Lineair programmeren > Beslissingsproblemen
12345Beslissingsproblemen

Antwoorden van de opgaven

Opgave V1

Zie de Uitleg .

Opgave 1
a

`x` is het aantal fietsen en de handelaar wil niet meer dan `50` fietsen.

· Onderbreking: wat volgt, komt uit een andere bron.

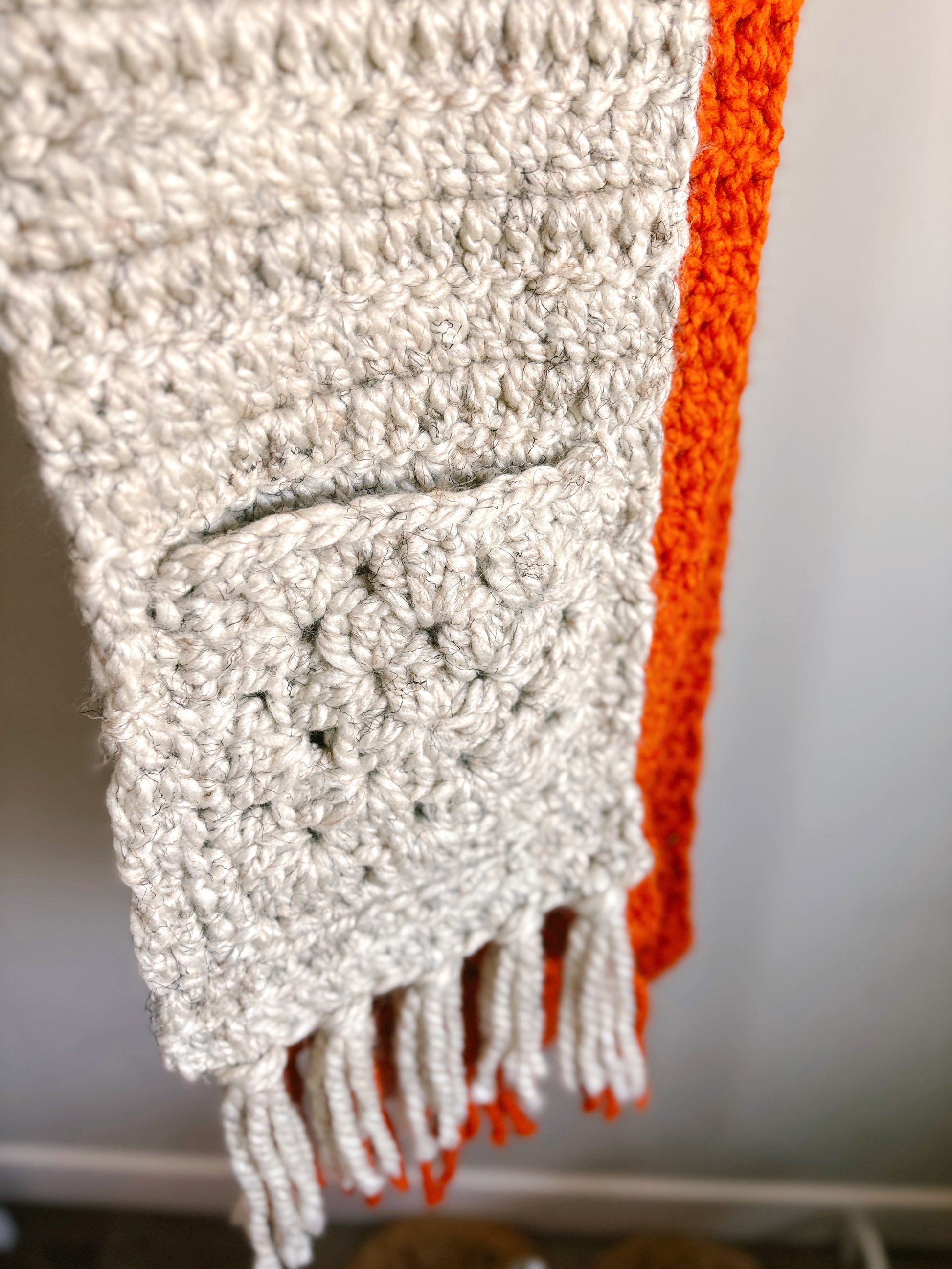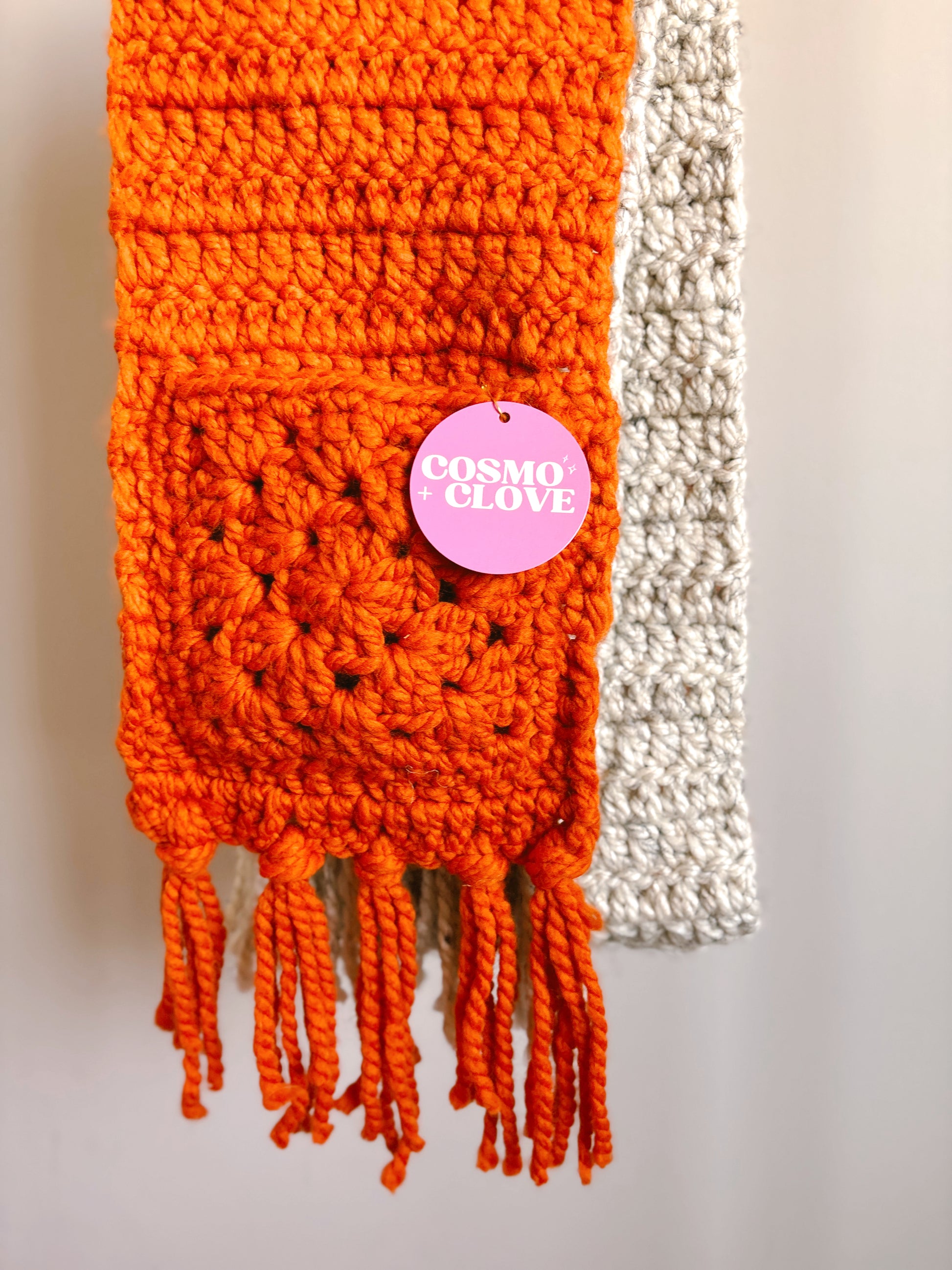 Cosmo+Clove scarves come in Wool-blend yarn and are adorned with practical pockets and dazzling tassels, creating the perfect combination of comfort and style for your fall and winter wardrobe!

Deze eis geeft: `0 le x le 50` .
`y` is het aantal e-bikes en daarvoor geldt per definitie: `y ge 0` .
De handelaar heeft maximaal € 95000,00 om fietsen (€ 500,00 per stuk) en e-bikes (€ 900,00 per stuk) te kopen: `500x + 900y le 95000` .
Ieder rijwiel neem 0,5 m2 in beslag en de handelaar heeft `60` m2 opslagruimte: `0,5x + 0,5y le 60` .

b

Schrijf de grenslijnen (behalve de eerste) als `y_1 = 120 - x` en `y_2 = (950 - 5x)/9` met venster bijvoorbeeld `0 le x le 50` en `0 le y le 120` .

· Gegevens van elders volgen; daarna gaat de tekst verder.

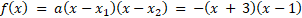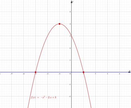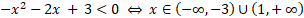 Odczytaj rozwiązanie nierówności kwadratowej –x2 – 2x + 3 < 0, z wykresu funkcji f(x) = –x2 – 2x + 3.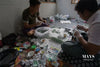 A young man draws out dye concentrates into cups from the mixing station.

Kies bijvoorbeeld `W = 20000` en `W = 30000` , schrijf ook de bijbehorende niveaulijnen in de juiste vorm en voer ze in.

c

De hoogste niveaulijn die nog in het toegestane gebied valt, is de niveaulijn door het snijpunt van de grenslijnen `y = (950 - 5x)/9` en `y = 120 - x` . Dat snijpunt is `(32,5; 87,5)` maar een halve fiets of e-bike inkopen kan uiteraard niet.
Van de vier punten met gehele `x` en `y` om dit punt heen, vallen de twee punten `(32, 87)` en `(33,87)` binnen het toegestane gebied.
Punt `(33,87)` levert de meeste winst op.

e

Vul punt `(33, 87)` in de doelfunctie in `W = 200 * 33 + 300 * 87 = 32700,00` euro.

Opgave 2
a

`x` is het aantal fietsen en `y` het aantal e-bikes per week.

b
  • `0 le x le 120`

  • `0 le y le 70`

  • `x + y le 140`

  • `x + 2y le 180`

c

Gebruik je GR met venster `0 le x le 120` en `0 le y le 100` .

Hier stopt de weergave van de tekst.